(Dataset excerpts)
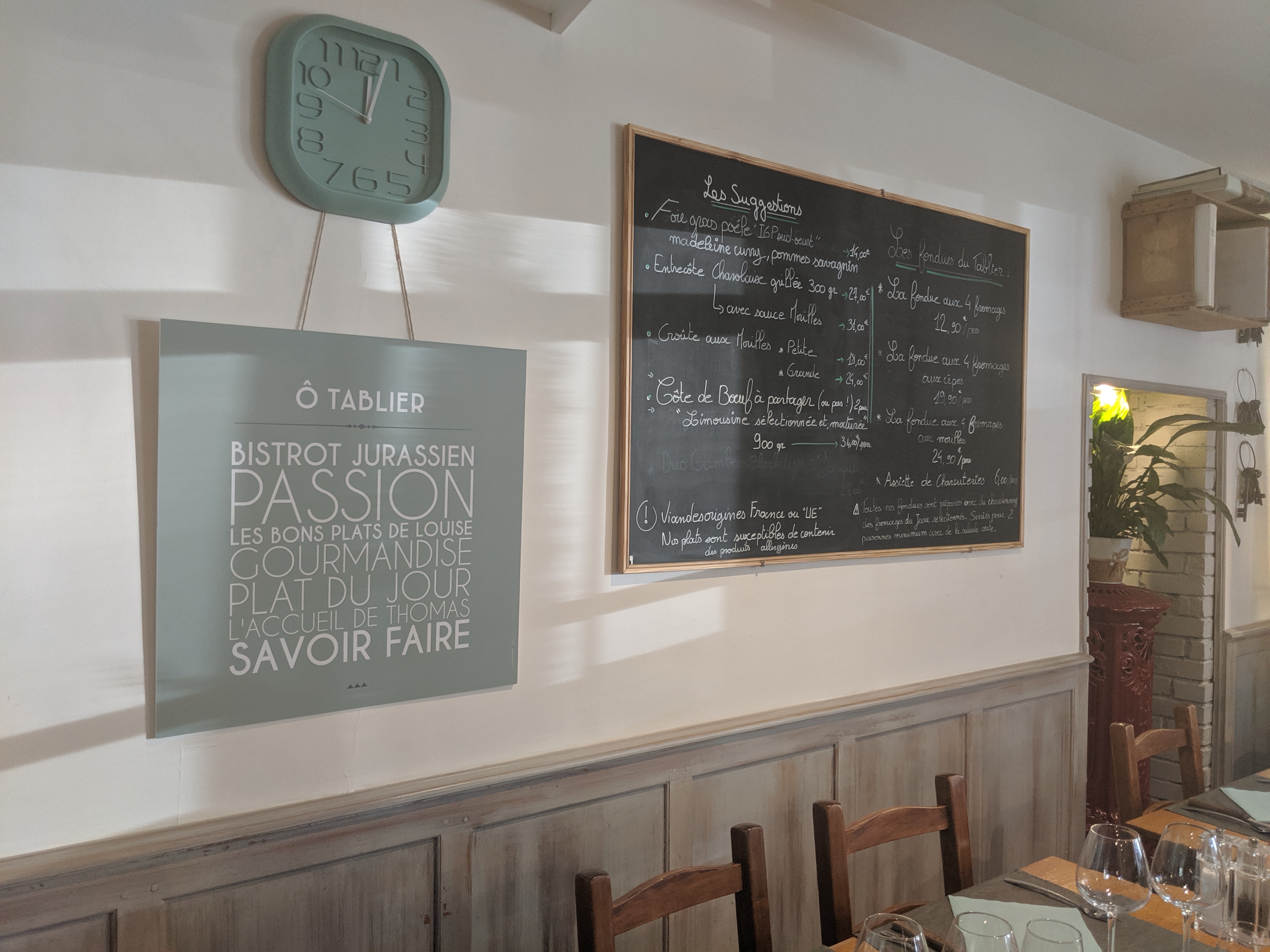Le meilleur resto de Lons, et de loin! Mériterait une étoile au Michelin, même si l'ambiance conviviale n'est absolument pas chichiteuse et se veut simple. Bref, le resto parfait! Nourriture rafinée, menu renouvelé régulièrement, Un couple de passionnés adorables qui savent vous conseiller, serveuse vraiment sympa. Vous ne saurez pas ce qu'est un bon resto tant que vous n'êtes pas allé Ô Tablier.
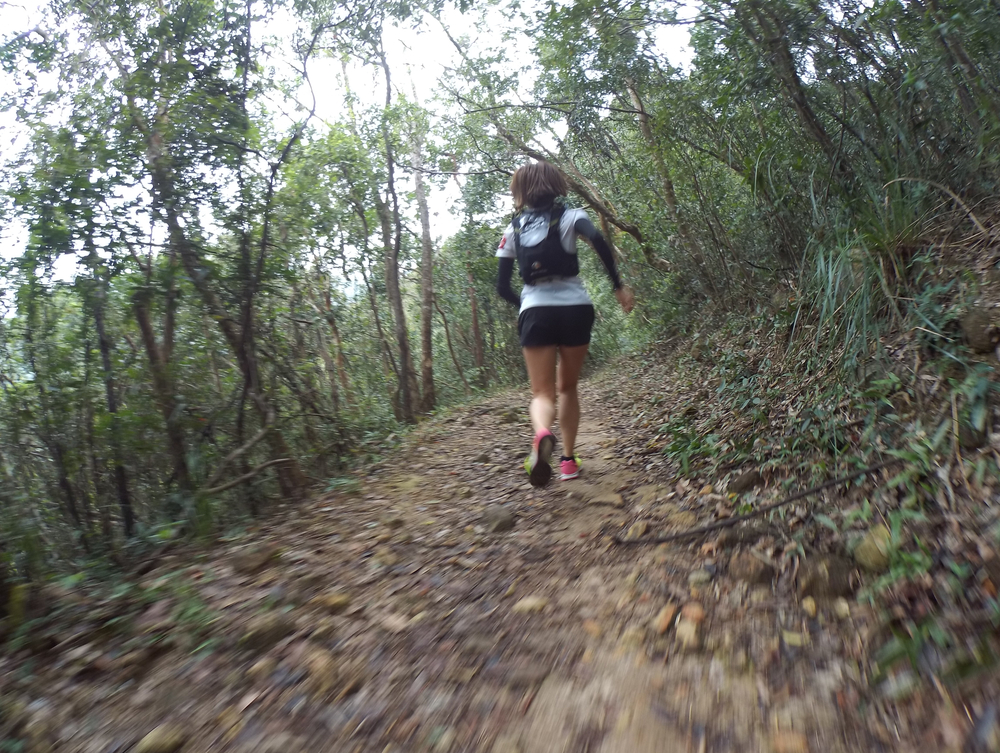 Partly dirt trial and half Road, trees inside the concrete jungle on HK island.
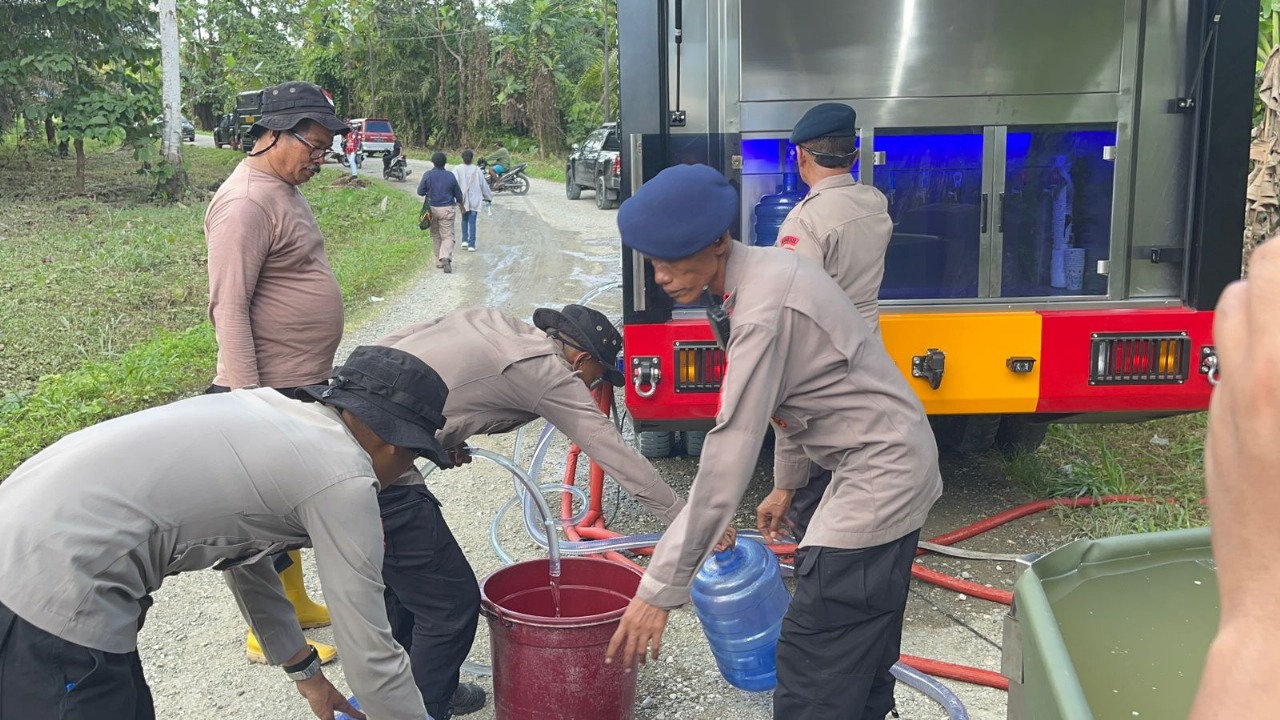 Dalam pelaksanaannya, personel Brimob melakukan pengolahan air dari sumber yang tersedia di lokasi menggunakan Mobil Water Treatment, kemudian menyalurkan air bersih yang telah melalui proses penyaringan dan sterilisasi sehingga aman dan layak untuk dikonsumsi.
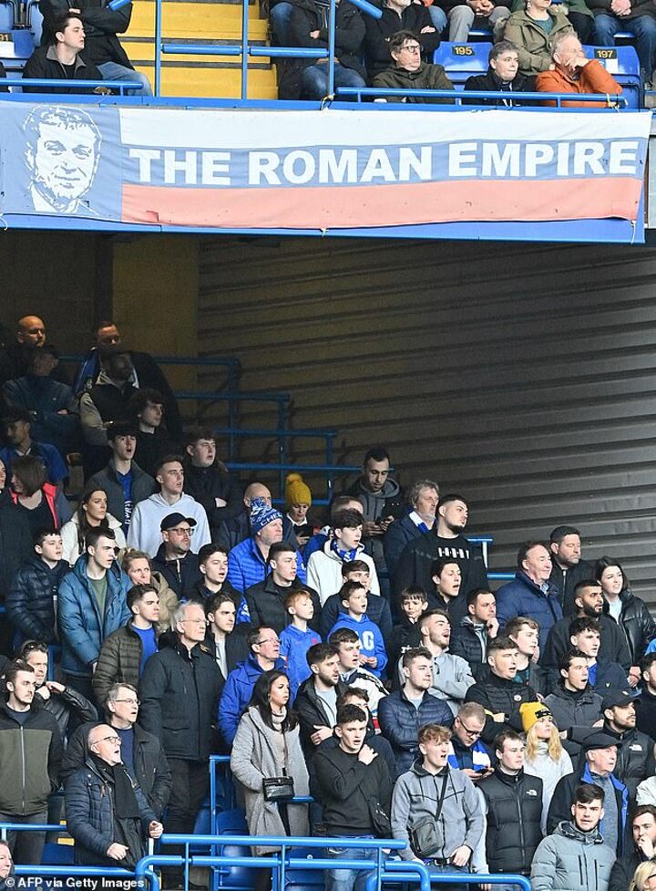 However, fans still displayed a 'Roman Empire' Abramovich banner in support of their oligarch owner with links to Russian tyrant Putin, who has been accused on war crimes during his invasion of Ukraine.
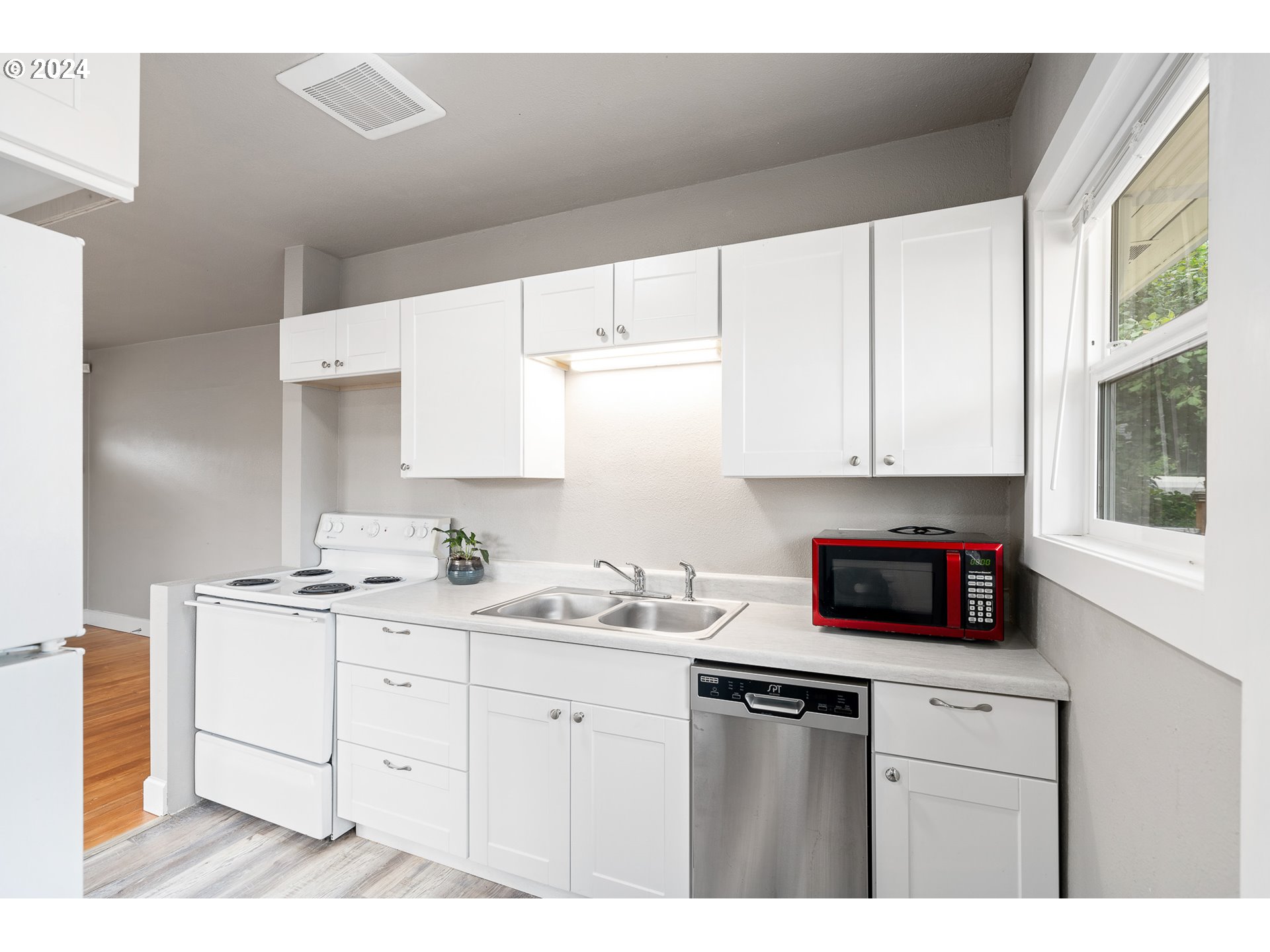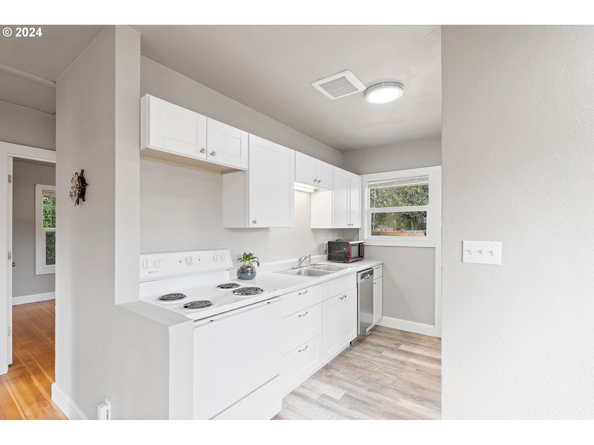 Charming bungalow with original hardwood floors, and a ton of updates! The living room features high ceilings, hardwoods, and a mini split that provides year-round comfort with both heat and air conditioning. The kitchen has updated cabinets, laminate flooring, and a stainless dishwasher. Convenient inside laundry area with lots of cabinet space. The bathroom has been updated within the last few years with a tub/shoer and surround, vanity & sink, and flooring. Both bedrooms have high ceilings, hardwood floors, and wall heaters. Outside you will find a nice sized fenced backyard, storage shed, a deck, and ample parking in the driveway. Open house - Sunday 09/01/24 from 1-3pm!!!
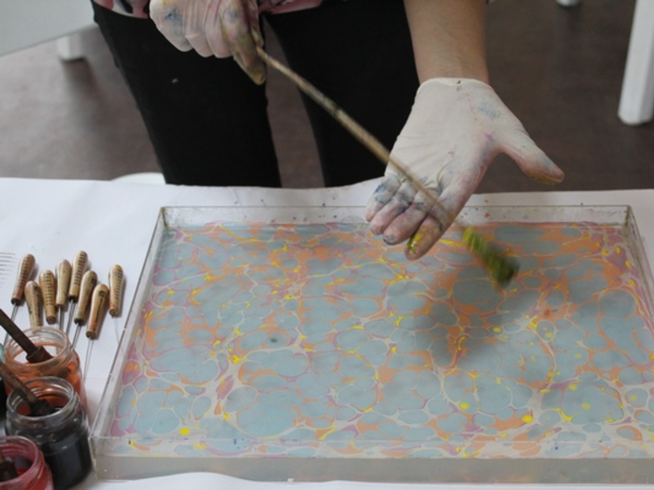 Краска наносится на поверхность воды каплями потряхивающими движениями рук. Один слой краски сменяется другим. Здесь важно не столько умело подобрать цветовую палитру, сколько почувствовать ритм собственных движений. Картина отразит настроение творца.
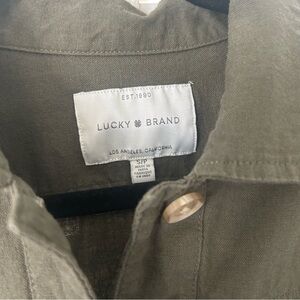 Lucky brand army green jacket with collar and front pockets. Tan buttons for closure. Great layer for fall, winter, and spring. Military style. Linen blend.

_ASSIGNED TASK_. Would you write out all of the records exactly, omitting the pictures?

_ANSWER TO THIS TASK_.
Le meilleur resto de Lons, et de loin! Mériterait une étoile au Michelin, même si l'ambiance conviviale n'est absolument pas chichiteuse et se veut simple. Bref, le resto parfait! Nourriture rafinée, menu renouvelé régulièrement, Un couple de passionnés adorables qui savent vous conseiller, serveuse vraiment sympa. Vous ne saurez pas ce qu'est un bon resto tant que vous n'êtes pas allé Ô Tablier.
 Partly dirt trial and half Road, trees inside the concrete jungle on HK island.
 Dalam pelaksanaannya, personel Brimob melakukan pengolahan air dari sumber yang tersedia di lokasi menggunakan Mobil Water Treatment, kemudian menyalurkan air bersih yang telah melalui proses penyaringan dan sterilisasi sehingga aman dan layak untuk dikonsumsi.
 However, fans still displayed a 'Roman Empire' Abramovich banner in support of their oligarch owner with links to Russian tyrant Putin, who has been accused on war crimes during his invasion of Ukraine.
 Charming bungalow with original hardwood floors, and a ton of updates! The living room features high ceilings, hardwoods, and a mini split that provides year-round comfort with both heat and air conditioning. The kitchen has updated cabinets, laminate flooring, and a stainless dishwasher. Convenient inside laundry area with lots of cabinet space. The bathroom has been updated within the last few years with a tub/shoer and surround, vanity & sink, and flooring. Both bedrooms have high ceilings, hardwood floors, and wall heaters. Outside you will find a nice sized fenced backyard, storage shed, a deck, and ample parking in the driveway. Open house - Sunday 09/01/24 from 1-3pm!!!
 Краска наносится на поверхность воды каплями потряхивающими движениями рук. Один слой краски сменяется другим. Здесь важно не столько умело подобрать цветовую палитру, сколько почувствовать ритм собственных движений. Картина отразит настроение творца.
 Lucky brand army green jacket with collar and front pockets. Tan buttons for closure. Great layer for fall, winter, and spring. Military style. Linen blend.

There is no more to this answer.